An exact copy of every record below is needed, with the pictures left out.
↓↓↓
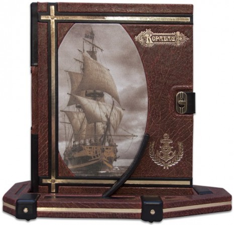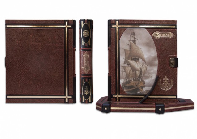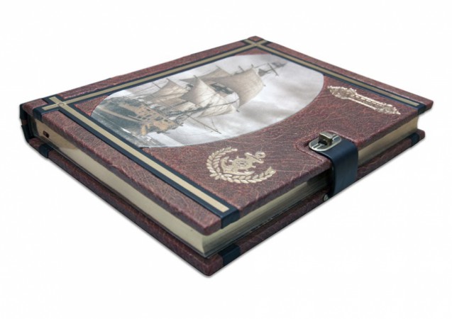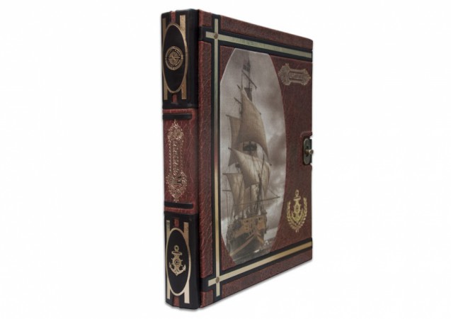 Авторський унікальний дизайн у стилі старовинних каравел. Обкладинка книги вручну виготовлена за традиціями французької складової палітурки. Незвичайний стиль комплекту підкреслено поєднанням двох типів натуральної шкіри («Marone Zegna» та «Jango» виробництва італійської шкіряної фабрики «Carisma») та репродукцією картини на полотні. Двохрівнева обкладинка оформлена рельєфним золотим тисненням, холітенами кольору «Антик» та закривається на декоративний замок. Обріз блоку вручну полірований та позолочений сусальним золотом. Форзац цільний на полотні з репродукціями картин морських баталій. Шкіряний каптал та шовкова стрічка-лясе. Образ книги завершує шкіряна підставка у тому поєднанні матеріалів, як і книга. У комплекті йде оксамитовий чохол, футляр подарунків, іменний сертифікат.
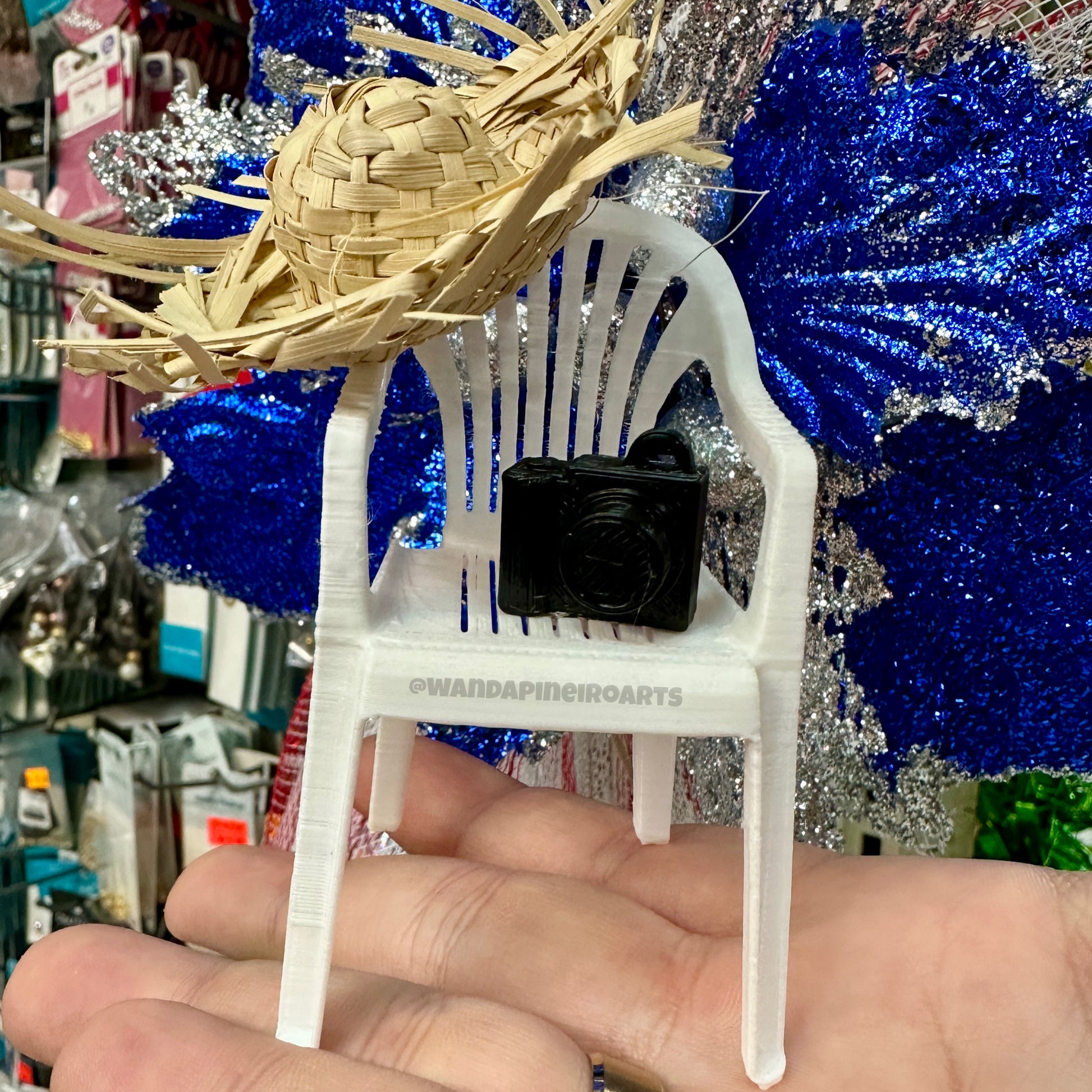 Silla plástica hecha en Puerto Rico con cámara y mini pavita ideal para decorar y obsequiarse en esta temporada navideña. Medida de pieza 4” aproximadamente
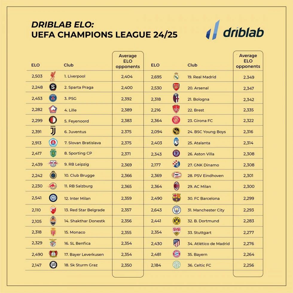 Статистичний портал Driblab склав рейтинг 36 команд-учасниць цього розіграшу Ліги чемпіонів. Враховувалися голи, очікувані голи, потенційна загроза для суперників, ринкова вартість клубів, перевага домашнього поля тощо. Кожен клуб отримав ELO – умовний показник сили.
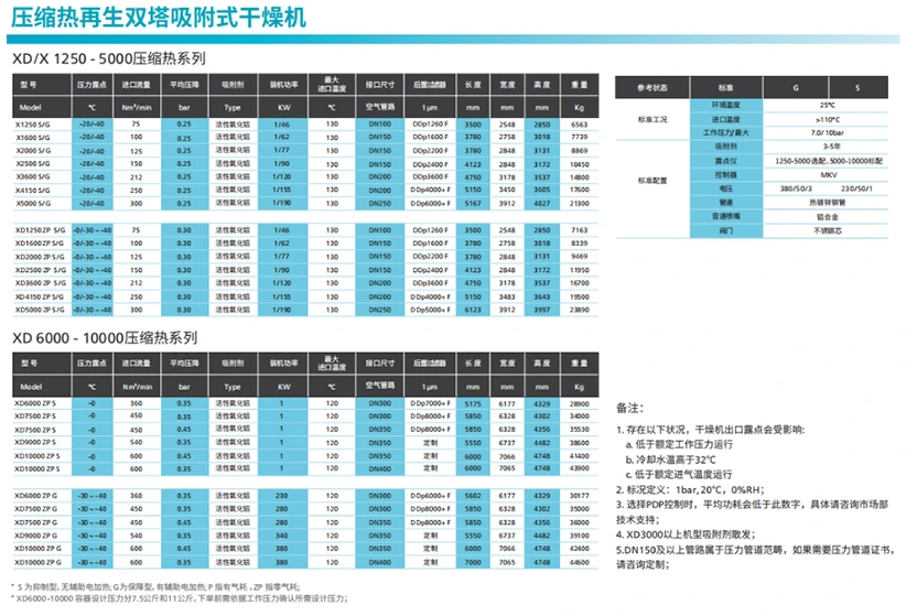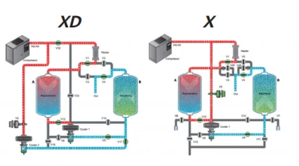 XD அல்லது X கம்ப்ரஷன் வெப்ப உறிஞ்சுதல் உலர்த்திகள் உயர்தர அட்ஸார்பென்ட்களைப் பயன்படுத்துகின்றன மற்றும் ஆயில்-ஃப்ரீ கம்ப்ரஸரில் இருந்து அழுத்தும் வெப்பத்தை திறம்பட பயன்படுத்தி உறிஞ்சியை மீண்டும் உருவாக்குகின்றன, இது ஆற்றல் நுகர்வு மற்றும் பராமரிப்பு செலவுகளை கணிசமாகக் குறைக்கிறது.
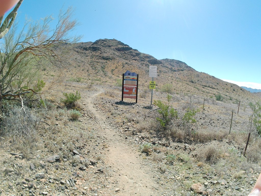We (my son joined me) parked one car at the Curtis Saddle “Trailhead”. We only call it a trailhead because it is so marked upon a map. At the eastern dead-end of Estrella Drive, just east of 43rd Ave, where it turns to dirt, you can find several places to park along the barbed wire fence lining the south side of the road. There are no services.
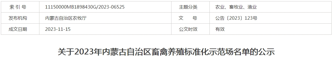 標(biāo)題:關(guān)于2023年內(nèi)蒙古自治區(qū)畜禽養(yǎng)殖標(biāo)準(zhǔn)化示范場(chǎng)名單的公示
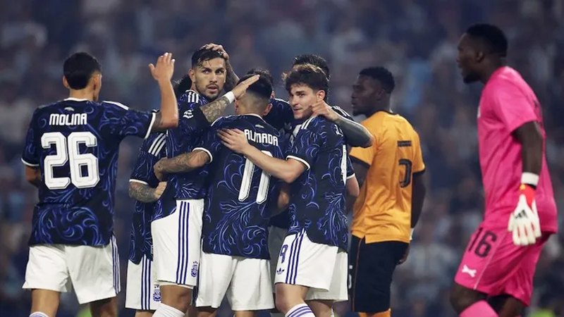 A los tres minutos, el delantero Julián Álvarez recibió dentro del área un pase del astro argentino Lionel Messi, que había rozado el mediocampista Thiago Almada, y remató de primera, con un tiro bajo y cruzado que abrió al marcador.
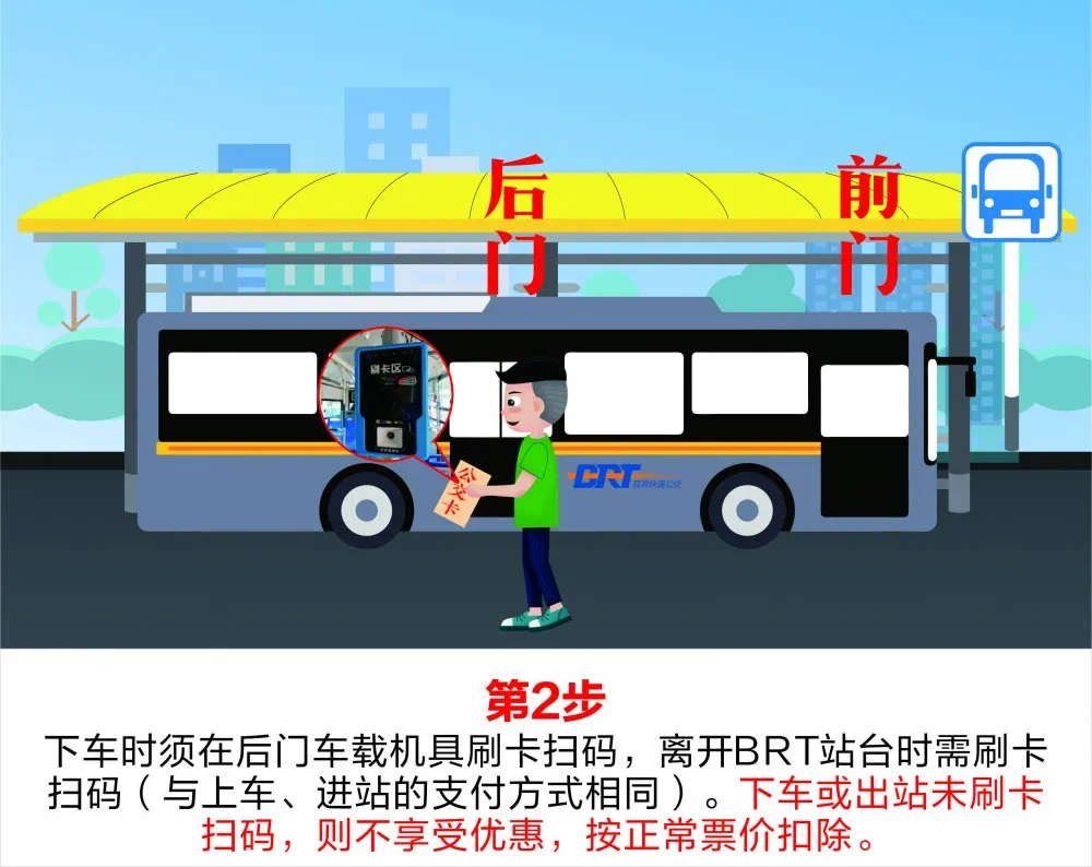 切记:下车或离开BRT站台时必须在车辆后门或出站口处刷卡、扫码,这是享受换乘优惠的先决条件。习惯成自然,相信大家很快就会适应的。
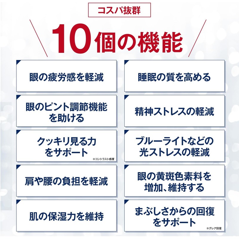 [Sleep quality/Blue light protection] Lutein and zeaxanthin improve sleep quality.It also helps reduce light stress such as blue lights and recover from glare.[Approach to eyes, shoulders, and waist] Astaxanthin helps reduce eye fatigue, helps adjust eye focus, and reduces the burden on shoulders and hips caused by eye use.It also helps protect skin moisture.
↑↑↑
= Response area =
 Авторський унікальний дизайн у стилі старовинних каравел. Обкладинка книги вручну виготовлена за традиціями французької складової палітурки. Незвичайний стиль комплекту підкреслено поєднанням двох типів натуральної шкіри («Marone Zegna» та «Jango» виробництва італійської шкіряної фабрики «Carisma») та репродукцією картини на полотні. Двохрівнева обкладинка оформлена рельєфним золотим тисненням, холітенами кольору «Антик» та закривається на декоративний замок. Обріз блоку вручну полірований та позолочений сусальним золотом. Форзац цільний на полотні з репродукціями картин морських баталій. Шкіряний каптал та шовкова стрічка-лясе. Образ книги завершує шкіряна підставка у тому поєднанні матеріалів, як і книга. У комплекті йде оксамитовий чохол, футляр подарунків, іменний сертифікат.
 Silla plástica hecha en Puerto Rico con cámara y mini pavita ideal para decorar y obsequiarse en esta temporada navideña. Medida de pieza 4” aproximadamente
 Статистичний портал Driblab склав рейтинг 36 команд-учасниць цього розіграшу Ліги чемпіонів. Враховувалися голи, очікувані голи, потенційна загроза для суперників, ринкова вартість клубів, перевага домашнього поля тощо. Кожен клуб отримав ELO – умовний показник сили.
 XD அல்லது X கம்ப்ரஷன் வெப்ப உறிஞ்சுதல் உலர்த்திகள் உயர்தர அட்ஸார்பென்ட்களைப் பயன்படுத்துகின்றன மற்றும் ஆயில்-ஃப்ரீ கம்ப்ரஸரில் இருந்து அழுத்தும் வெப்பத்தை திறம்பட பயன்படுத்தி உறிஞ்சியை மீண்டும் உருவாக்குகின்றன, இது ஆற்றல் நுகர்வு மற்றும் பராமரிப்பு செலவுகளை கணிசமாகக் குறைக்கிறது.
We (my son joined me) parked one car at the Curtis Saddle “Trailhead”. We only call it a trailhead because it is so marked upon a map. At the eastern dead-end of Estrella Drive, just east of 43rd Ave, where it turns to dirt, you can find several places to park along the barbed wire fence lining the south side of the road. There are no services.
 標(biāo)題:關(guān)于2023年內(nèi)蒙古自治區(qū)畜禽養(yǎng)殖標(biāo)準(zhǔn)化示范場(chǎng)名單的公示
 A los tres minutos, el delantero Julián Álvarez recibió dentro del área un pase del astro argentino Lionel Messi, que había rozado el mediocampista Thiago Almada, y remató de primera, con un tiro bajo y cruzado que abrió al marcador.
 切记:下车或离开BRT站台时必须在车辆后门或出站口处刷卡、扫码,这是享受换乘优惠的先决条件。习惯成自然,相信大家很快就会适应的。
 [Sleep quality/Blue light protection] Lutein and zeaxanthin improve sleep quality.It also helps reduce light stress such as blue lights and recover from glare.[Approach to eyes, shoulders, and waist] Astaxanthin helps reduce eye fatigue, helps adjust eye focus, and reduces the burden on shoulders and hips caused by eye use.It also helps protect skin moisture.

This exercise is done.